(TASK BRIEF):
Search the data for the string "good" and copy each line where it turns up.

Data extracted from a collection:

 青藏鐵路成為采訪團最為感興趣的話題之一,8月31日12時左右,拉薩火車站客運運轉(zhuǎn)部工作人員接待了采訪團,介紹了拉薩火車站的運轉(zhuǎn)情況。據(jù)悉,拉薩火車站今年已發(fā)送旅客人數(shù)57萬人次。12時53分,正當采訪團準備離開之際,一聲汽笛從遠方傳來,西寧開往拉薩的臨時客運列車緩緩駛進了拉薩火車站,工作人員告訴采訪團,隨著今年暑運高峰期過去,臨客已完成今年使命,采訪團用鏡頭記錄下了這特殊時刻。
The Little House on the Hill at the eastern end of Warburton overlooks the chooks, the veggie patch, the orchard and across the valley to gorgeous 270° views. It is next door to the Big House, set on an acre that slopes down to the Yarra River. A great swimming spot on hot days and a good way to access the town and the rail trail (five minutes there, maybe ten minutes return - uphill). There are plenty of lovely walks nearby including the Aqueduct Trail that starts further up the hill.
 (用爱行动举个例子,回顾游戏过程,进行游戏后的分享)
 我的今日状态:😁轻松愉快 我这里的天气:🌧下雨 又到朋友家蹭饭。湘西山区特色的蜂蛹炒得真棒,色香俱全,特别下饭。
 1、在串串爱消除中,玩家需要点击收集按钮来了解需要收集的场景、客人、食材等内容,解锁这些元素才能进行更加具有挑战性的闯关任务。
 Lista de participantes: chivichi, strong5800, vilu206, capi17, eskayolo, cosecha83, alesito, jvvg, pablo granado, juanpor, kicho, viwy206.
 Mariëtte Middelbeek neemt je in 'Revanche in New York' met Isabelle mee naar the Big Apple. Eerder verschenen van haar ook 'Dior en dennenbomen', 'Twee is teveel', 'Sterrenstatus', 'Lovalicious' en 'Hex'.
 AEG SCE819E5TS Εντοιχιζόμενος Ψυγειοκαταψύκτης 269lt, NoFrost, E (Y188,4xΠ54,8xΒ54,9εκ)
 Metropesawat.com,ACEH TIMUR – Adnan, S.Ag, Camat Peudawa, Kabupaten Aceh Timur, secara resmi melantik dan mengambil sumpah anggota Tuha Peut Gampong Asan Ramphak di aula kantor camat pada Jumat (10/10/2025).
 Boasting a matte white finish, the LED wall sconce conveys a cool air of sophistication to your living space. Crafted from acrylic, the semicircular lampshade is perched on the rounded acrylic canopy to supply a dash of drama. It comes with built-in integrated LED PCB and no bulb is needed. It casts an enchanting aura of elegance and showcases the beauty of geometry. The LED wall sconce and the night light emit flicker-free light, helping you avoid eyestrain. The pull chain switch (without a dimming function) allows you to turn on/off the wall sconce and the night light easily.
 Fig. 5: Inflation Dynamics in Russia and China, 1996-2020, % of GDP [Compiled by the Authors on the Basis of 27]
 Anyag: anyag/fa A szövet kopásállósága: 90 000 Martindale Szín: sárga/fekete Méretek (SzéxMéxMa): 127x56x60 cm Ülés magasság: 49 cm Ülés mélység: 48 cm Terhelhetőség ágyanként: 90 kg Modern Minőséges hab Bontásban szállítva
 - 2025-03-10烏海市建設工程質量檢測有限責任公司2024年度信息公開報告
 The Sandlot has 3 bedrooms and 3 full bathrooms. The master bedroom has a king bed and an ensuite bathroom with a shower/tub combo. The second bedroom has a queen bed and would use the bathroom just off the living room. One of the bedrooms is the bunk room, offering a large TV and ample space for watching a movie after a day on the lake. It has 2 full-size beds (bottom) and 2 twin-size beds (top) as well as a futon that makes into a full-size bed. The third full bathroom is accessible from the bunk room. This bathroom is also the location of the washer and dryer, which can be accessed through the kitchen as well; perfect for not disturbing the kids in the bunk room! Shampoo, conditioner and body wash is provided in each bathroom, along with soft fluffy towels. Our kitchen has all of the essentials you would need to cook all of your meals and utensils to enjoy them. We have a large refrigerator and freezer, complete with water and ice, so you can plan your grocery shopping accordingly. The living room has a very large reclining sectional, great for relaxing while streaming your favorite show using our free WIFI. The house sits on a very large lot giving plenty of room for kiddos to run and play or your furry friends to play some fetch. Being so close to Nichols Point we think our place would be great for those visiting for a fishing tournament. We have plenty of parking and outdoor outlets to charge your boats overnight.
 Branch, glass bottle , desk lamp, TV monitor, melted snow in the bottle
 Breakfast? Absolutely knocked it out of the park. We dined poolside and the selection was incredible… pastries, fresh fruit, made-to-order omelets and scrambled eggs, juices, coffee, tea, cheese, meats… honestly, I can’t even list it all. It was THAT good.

(WORKED SOLUTION):
The Little House on the Hill at the eastern end of Warburton overlooks the chooks, the veggie patch, the orchard and across the valley to gorgeous 270° views. It is next door to the Big House, set on an acre that slopes down to the Yarra River. A great swimming spot on hot days and a good way to access the town and the rail trail (five minutes there, maybe ten minutes return - uphill). There are plenty of lovely walks nearby including the Aqueduct Trail that starts further up the hill.
 Breakfast? Absolutely knocked it out of the park. We dined poolside and the selection was incredible… pastries, fresh fruit, made-to-order omelets and scrambled eggs, juices, coffee, tea, cheese, meats… honestly, I can’t even list it all. It was THAT good.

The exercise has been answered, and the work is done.